Она шла медленно, с опущенной головой, и руки ее были засунуты в карманы джинсов, чтобы не было видно, как они дрожали. Ей нужно было миновать группу женщин, сортировавших одежду в чемоданах, обогнуть цирковой шатер, обойти мальчишек, чинивших сломанный скейтборд, и нескольких мужчин, которые осматривали оружие, разложенное перед ними на расстеленном на земле одеяле.
Поравнявшись с мужчинами – в их число входил и Чад Бингэм, взявший на себя командование, подобно деспотичному реднеку[12], – Лилли взглянула на одиннадцать тускло поблескивавших пистолетов разных калибров, марок и моделей, которые лежали аккуратно, словно столовые приборы в ящике. Рядом была пара дробовиков 12-го калибра из «Кеймарта». Всего одиннадцать пистолетов и эти дробовики да ограниченное количество патронов – таким был весь арсенал поселенцев, тонкой ширмой отделявший выживших от катастрофы.
По шее Лилли пробежали мурашки, а страх прожег дыру в ее животе.

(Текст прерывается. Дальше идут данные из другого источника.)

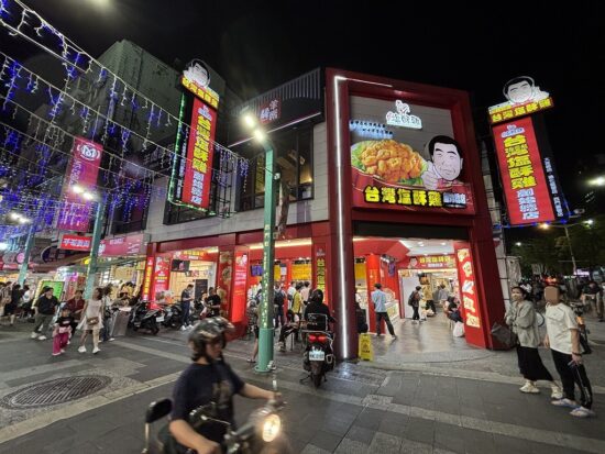 そして天天利美食坊にいく通りすがりにみつけた西門町の交差点でひときわ目立つ赤い外観の有名店「師大夜市 台湾塩酥鶏(台湾塩酥鶏)」。

Дрожь усилилась. Ее словно лихорадило. Лилли Коул никогда не умела справляться с дрожью. Она вспомнила тот день, когда нужно было выступить с презентацией перед приемной комиссией Технологического института Джорджии. Она подготовила заметки на карточках и репетировала несколько недель. И все равно, оказавшись перед заслуженными профессорами в той душной комнате на Норт-авеню, она так дрожала, что задохнулась от волнения и уронила свою стопку карточек, которые вихрем разлетелись по комнате.

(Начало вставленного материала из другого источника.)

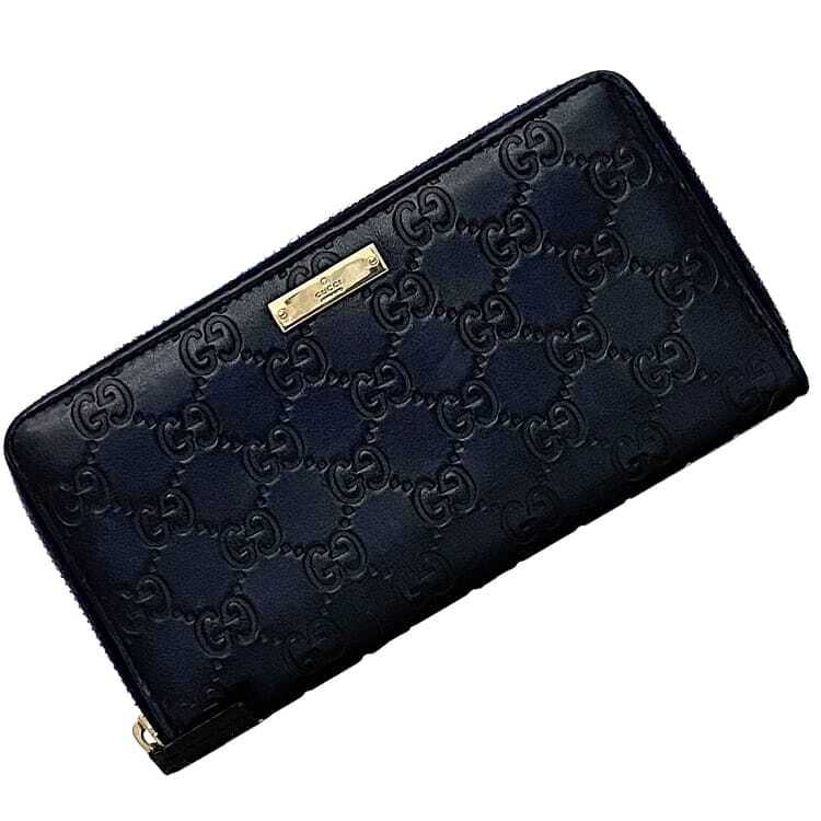 > グッチ ラウンドファスナー 長財布 ec-23550 ネイビー シマライン 307980 財布 レザー 中古 2067

Теперь, подходя к изгороди, протянувшейся вдоль западной границы площадки, она чувствовала то же самое нервное напряжение, усиленное тысячекратно. Дрожал каждый мускул на ее лице, а руки готовы были выпрыгнуть из карманов: тремор был столь силен, что казалось, будто ее суставы вот-вот заклинит и она замрет на месте. «Хронический тревожный невроз» – так называл это врач из Мариетты.

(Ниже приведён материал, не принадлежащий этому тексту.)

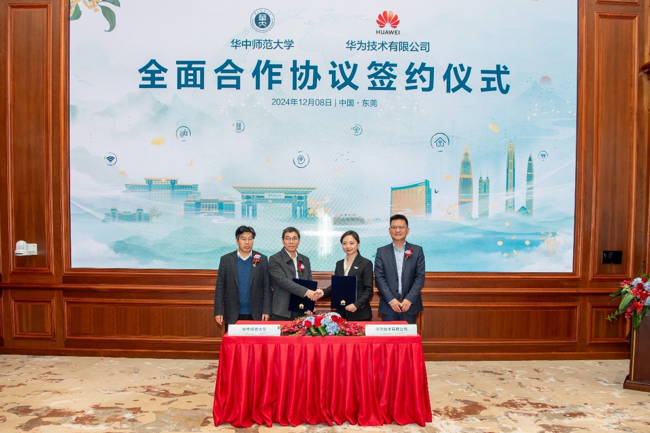 华大在线讯(通讯员 成雯 杨诗涵)12月8日上午,我校与华为技术有限公司在东莞松山湖华为基地签署全面合作协议。校长彭双阶,副校长李鸿飞,华为技术有限公司全球公共事业系统部总裁李俊风,华为技术有限公司湖北政企业务部副总经理杨莉以及校企相关部门负责人参加签约仪式。

В последние недели такой спонтанный паралич настигал ее сразу же после атак ходячих, и дрожь не прекращалась часами, но теперь внутри нее нарастал еще больший ужас, и шел он из каких-то темных, первобытных и первородных глубин. Она просто замкнулась в себе и вблизи разглядела свою израненную душу, измотанную тоской и потерей отца.
Услышав удар топора по деревянной балке, Лилли вздрогнула и посмотрела в сторону изгороди.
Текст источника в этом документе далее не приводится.